Marcus Harris, after much reluctance, decides to release the film, which becomes a huge success. Fr. Paul is overwhelmed by the nationwide donations his church has received and the movie studio's offer to build a clinic to fight the disease which cost Olga her life.

==Cast==
- Fred MacMurray as Bill Dunnigan
- Alida Valli as Olga (as Valli)
- Frank Sinatra as Father Paul
- Lee J. Cobb as Marcus Harris (as Lee Cobb)
- Harold Vermilyea as Orloff
- Charles Meredith as Father Spinsky
- James Nolan as Tod Jones (as Jim Nolan)
- Veronica Pataky as Anna Klovna
- Philip Ahn as Ming Gow
- Frank Ferguson as Dolan
- Frank Wilcox as Dr. Jennings
- Dorothy Sebastian as Miss Katie Orwin (uncredited)
- Michael Raffetto as Harold Tanby (uncredited)

==Production==
Several exterior scenes were shot on location in Glen Lyon, Pennsylvania, the mining town on which the fictional Coaltown of the novel and film was based. Many of the extras in the film were actual miners working for the Glen-Alden Coal Company.

==Release==
The film encountered distribution difficulties in England because of a boycott against the films of Ben Hecht. Hecht had made derogatory comments about the presence of Britain in Palestine.
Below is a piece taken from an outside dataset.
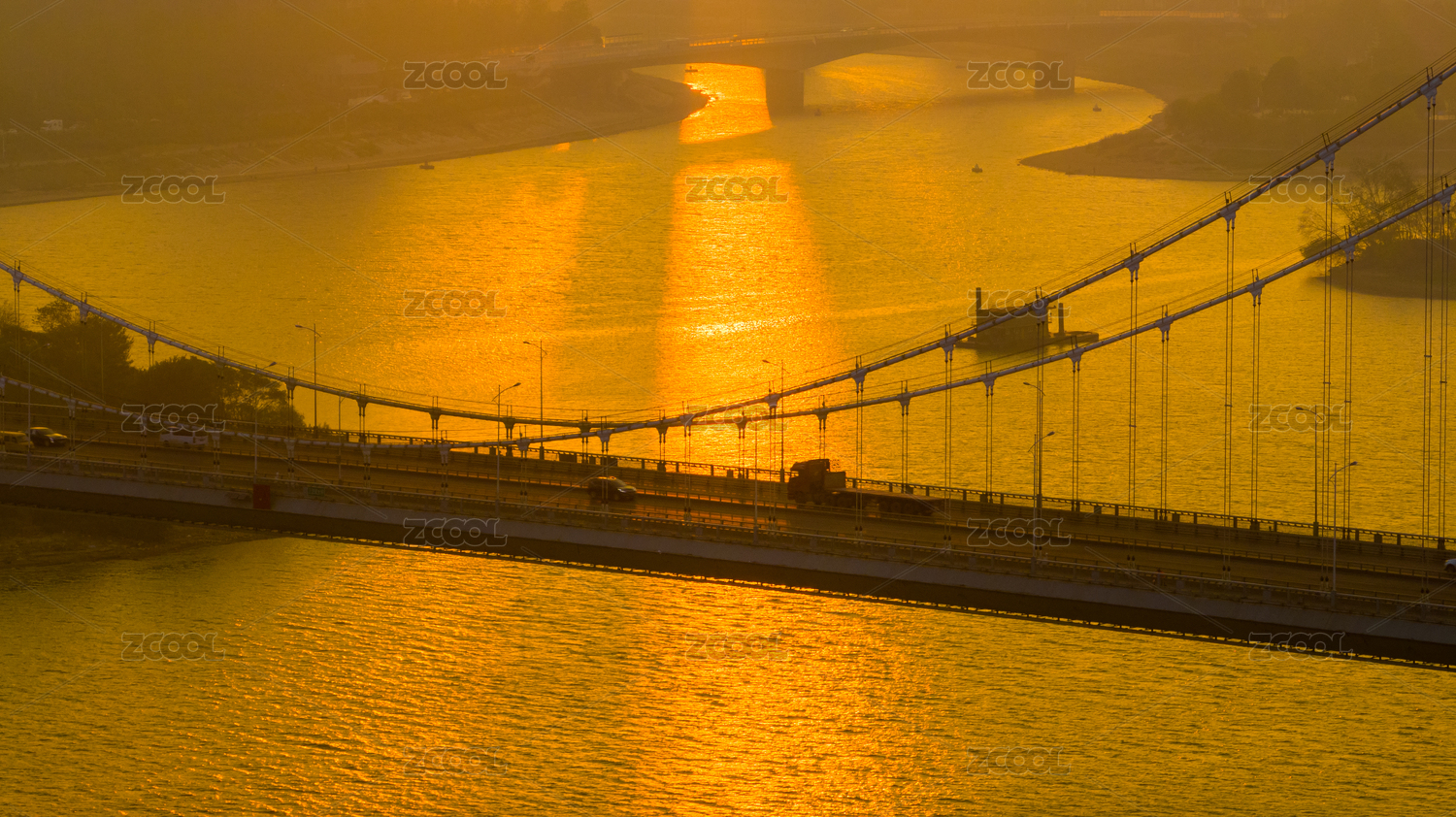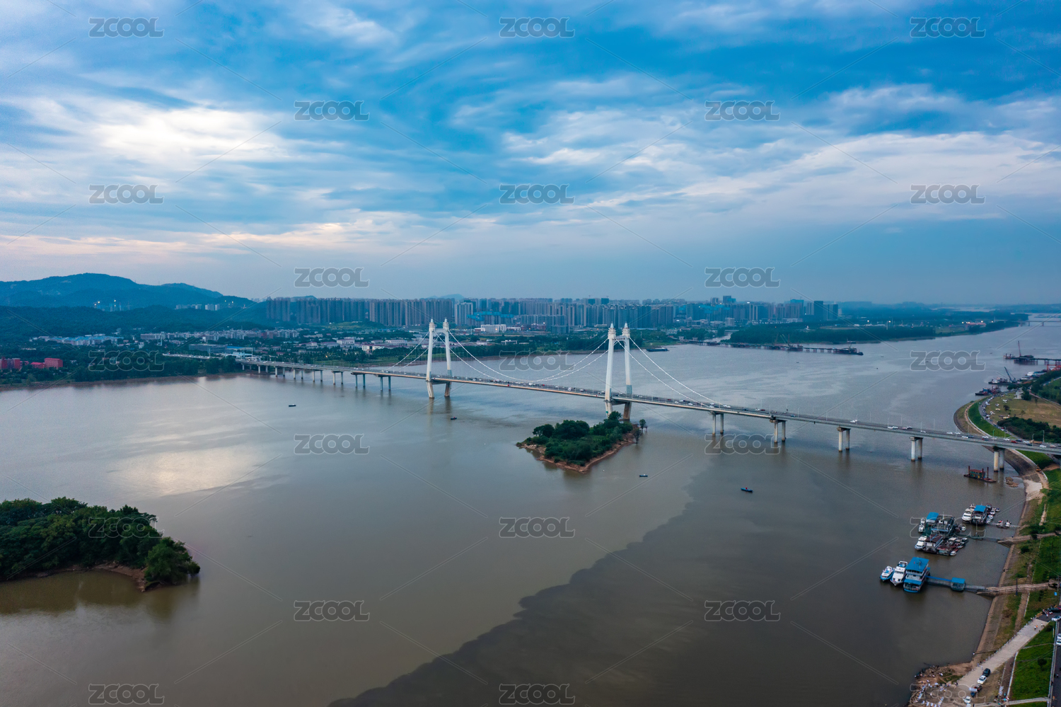 长沙湘江三汊矶大桥与东岸天际线鸟瞰景观
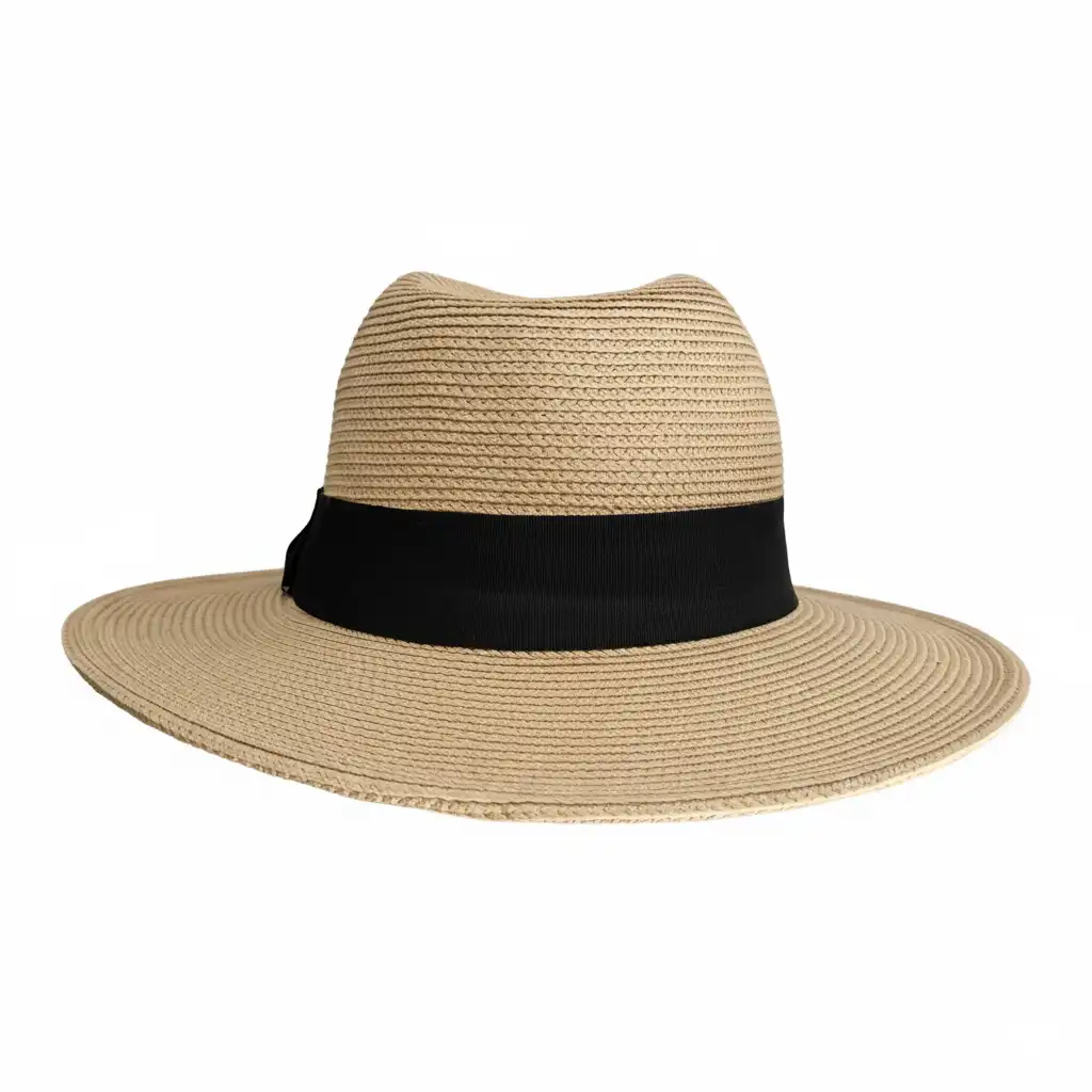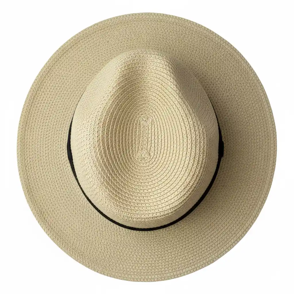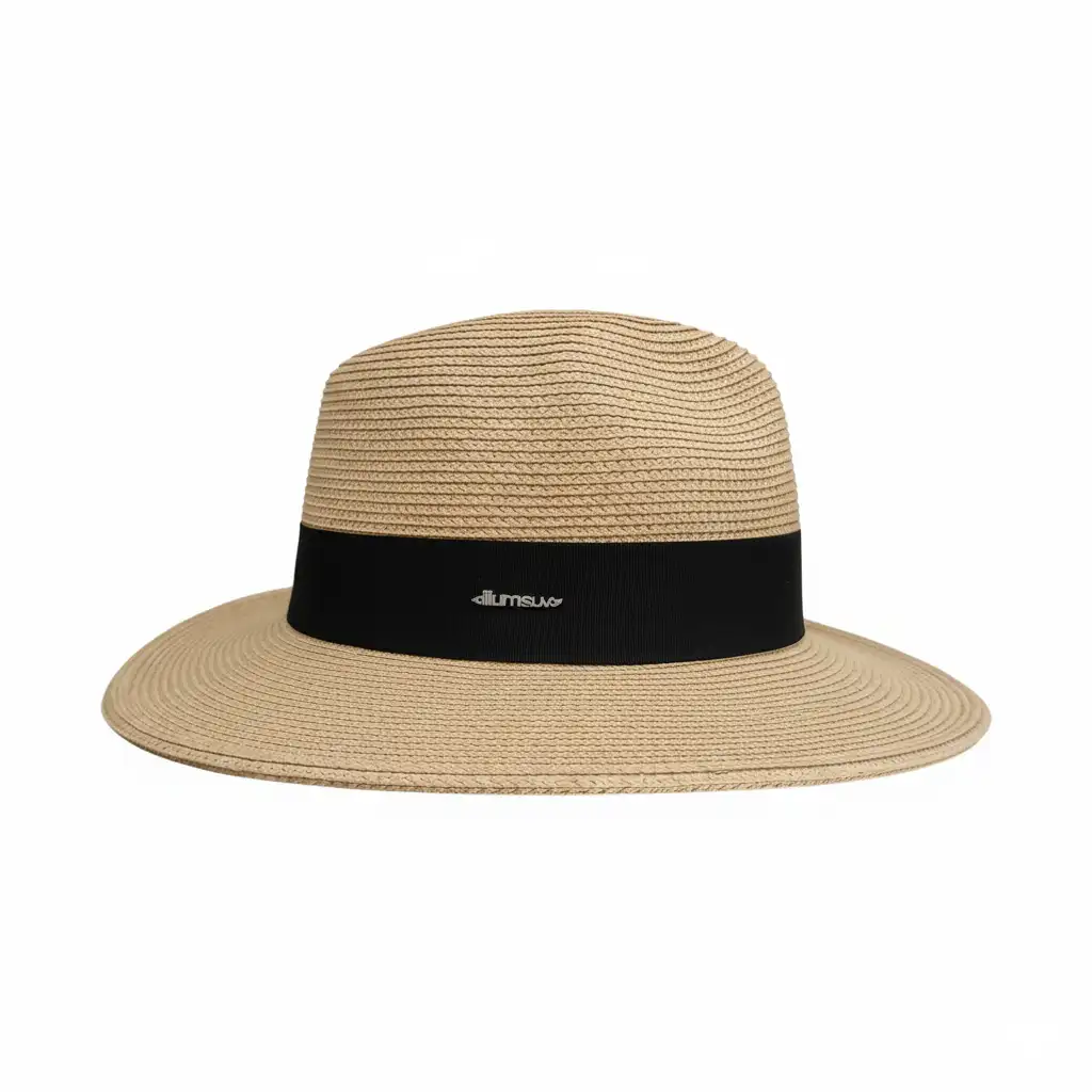 Sombrero estilo fedora con protección UPF 50+ y listón negro decorativo. Elegante, ligero y cómodo para un uso prolongado mientras protege tu piel del sol.

The premiere for the film took place on Friday, March 26, 1948 at the then "Park Theater" on Brownsville Road in the coal mining town of Library, Pennsylvania. The town was chosen to host the premiere because it "most resembled a typical American mining community, like the one portrayed in the movie." Accompanying the premiere, a large motorcade escorted movie stars Charles Coburn, Ruth Warrick and Leo Carrillo into the town of Library. The stars visited the War Memorial just down the road from the theater, where they addressed the enormous crowd of locals who showed up for the pomp and celebration.

==Reception==
The Miracle of the Bells was dismissed by critics, and was mentioned in the satirical film book The Golden Turkey Awards, which poked fun at Frank Sinatra's portrayal of Father Paul. Time harshly criticized the film, declaring that "St. Michael ought to sue". In The Nation in 1948, critic James Agee wrote, "As pernicious a gobbet of pseudo-religious asafetida as I have been forced to sniff at, man and Sunday-school-boy. I hereby declare myself the founding father of a Society for the Prevention of Cruelty to God."

The film recorded a loss of $640,000. Bank of America repossessed the film from its producers.

==Radio adaptation==
The Miracle of the Bells was presented on Lux Radio Theatre May 31, 1948. The adaptation starred MacMurray, Valli, and Sinatra.